7) Nessa campanha, os candidatos das forças majoritárias querem falar com a juventude. Porém, só fazem promessas vazias e falam de futuro demagogicamente. A FIT-U é a força que denuncia a extrema precarização do trabalho que sofrem 7 a cada 10 jovens da Argentina e que exige a redução da jornada de trabalho para que a juventude tenha trabalhos com direitos, mas também possa estudar e se divertir. Defesa da educação pública e gratuita, conectividade gratuita para todos os professores e alunos, fim da presença da igreja na educação, fim da Lei de Educação Superior, por uma educação nacional única, estatal, gratuita e laica são outras bandeiras da juventude defendidas, bem como a legalização da maconha.

8) Os partidos dos poderosos fazem demagogia com os direitos das mulheres e as demandas da Comunidade LGBTI, no entanto, todos aceitam que o Estado siga bancando a reacionária Igreja Católica ou subsidiando outras igrejas, que se opõem a direitos básicos, como por exemplo o do aborto Só a Frente de Esquerda Unidade propõe acabar com essa situação: Igreja e Estado, assunto separado. Basta de feminicídios, trans/travesticídios e outros crimes de ódio. Ni una menos. Pelos direitos das mulheres trabalhadores. Ao mesmo trabalho, o mesmo salário. Implementação de uma Educação Sexual Integral (ESI) laica, científica e com perspectiva de gênero. Contra toda forma de opressão sexual.

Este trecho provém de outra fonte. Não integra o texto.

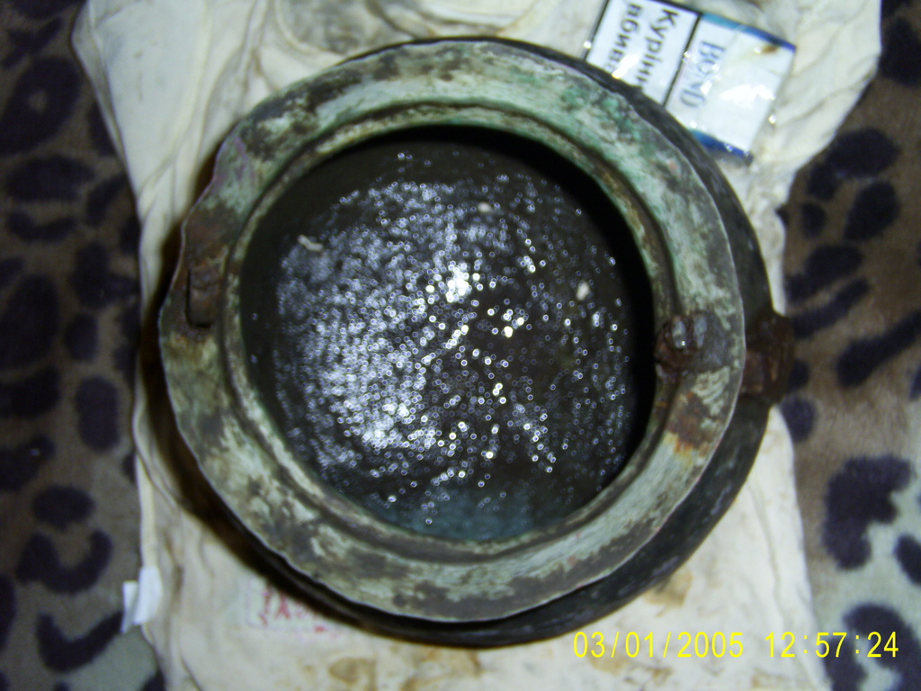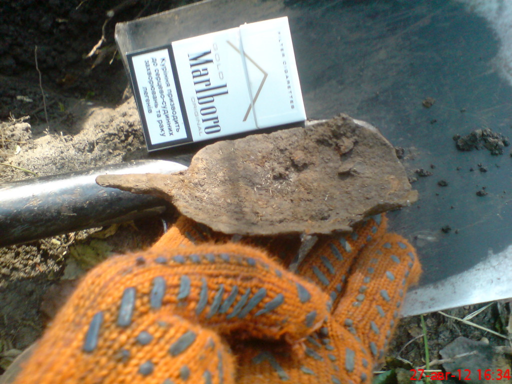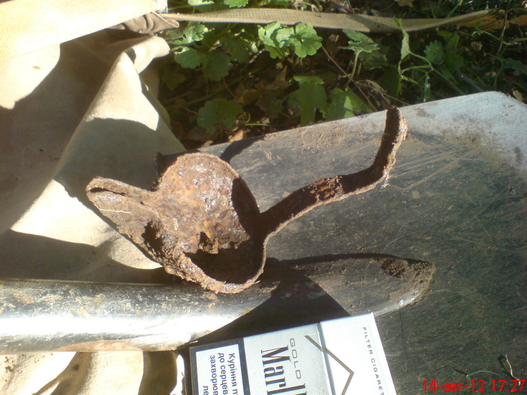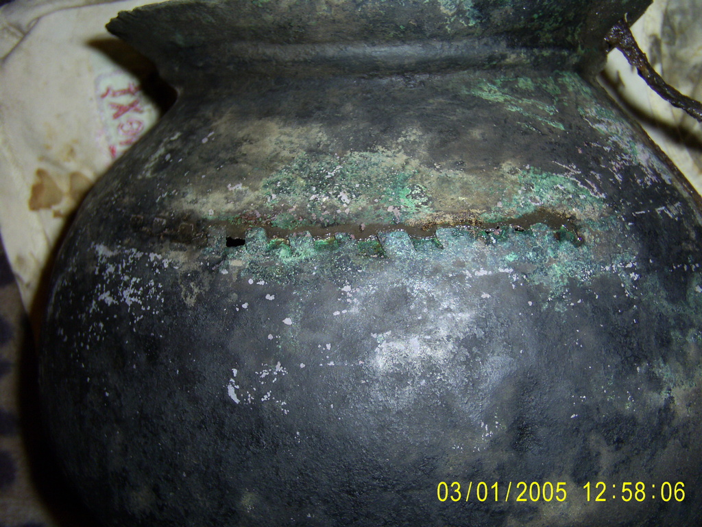 Котел с такой сопуткой, некоторые вещи найдены прямо в нем. Обувная подковка найдена отдельно, и бесспорно, пренадлежит к более познему времени. Дужка у котла, вероятнее всего, хазарская.

9) A cada ano se faz mais evidente a crise habitacional que atinge milhões. As famílias pobres vivem amontoadas, ou se veem empurradas a darem duras lutas por terra para ter onde morar, em que muitas vezes há repressão, como foi em Guernica. A Frente de Esquerda Unidade levanta que é urgente um plano de obras públicas que, controlado pelos trabalhadores, garanta moradia para esses setores atingidos. Por impostos progressivos em cima das moradias ociosas dos especuladores imobiliários.

10) Junto aos grandes empresários, os partidos patronais destroem o meio-ambiente e são os que engavetaram a lei de zonas úmidas. São responsáveis pela mineração contaminante, o agronegócio, a destruição dos bosques nativos e o dano à fauna tanto na terra quanto no mar. Por isso é preciso enfrentá-los. A esquerda apoia e participa ativamente das lutas em defesa do meio-ambiente, questionando a irracionalidade do sistema capitalista, que, junto da destruição da natureza, destrói as condições de vida da humanidade.